The Senate report found that Trump not only refused to turn over material to the committee from the time he was president, he also refused to hand over documents from the 10-week period between his election and inauguration using “novel and unprecedented potential executive privilege claims.”

Committee vice chairman Mark Warner, a Virginia Democrat, said investigators found “a breathtaking level of contacts between Trump officials and Russian government operatives” and that he hoped Americans will read the report for themselves.

“This cannot happen again,” Warner said. “As we head into the heat of the 2020 campaign season, I strongly urge campaigns, the executive branch, Congress and the American people to heed the lessons of this report in order to protect our democracy.”

But Trump, having escaped any consequences from Congress or prosecutors for the 2016 collusion, in 2019 began seeking foreign assistance again for his reelection, this time from Ukraine and China.

Starting within days of the release of the Mueller report in April 2019, Trump began trying to extort Ukraine’s newly elected president into announcing an investigation into the Democrat he most feared, Joe Biden.
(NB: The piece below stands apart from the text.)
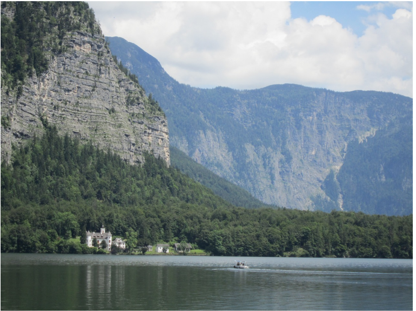
View across lake from Hallstat

Trump ultimately was impeached for those actions, which involved using $391 million in U.S. military aid as leverage, but was allowed to remain in office by Republican senators, with the sole exception of Utah’s Mitt Romney.

Trump also publicly called on China to investigate Biden while privately begging its dictator, Xi Jinping, to help him win reelection by buying lots of farm products from the United States, according to his own national security adviser at the time, John Bolton.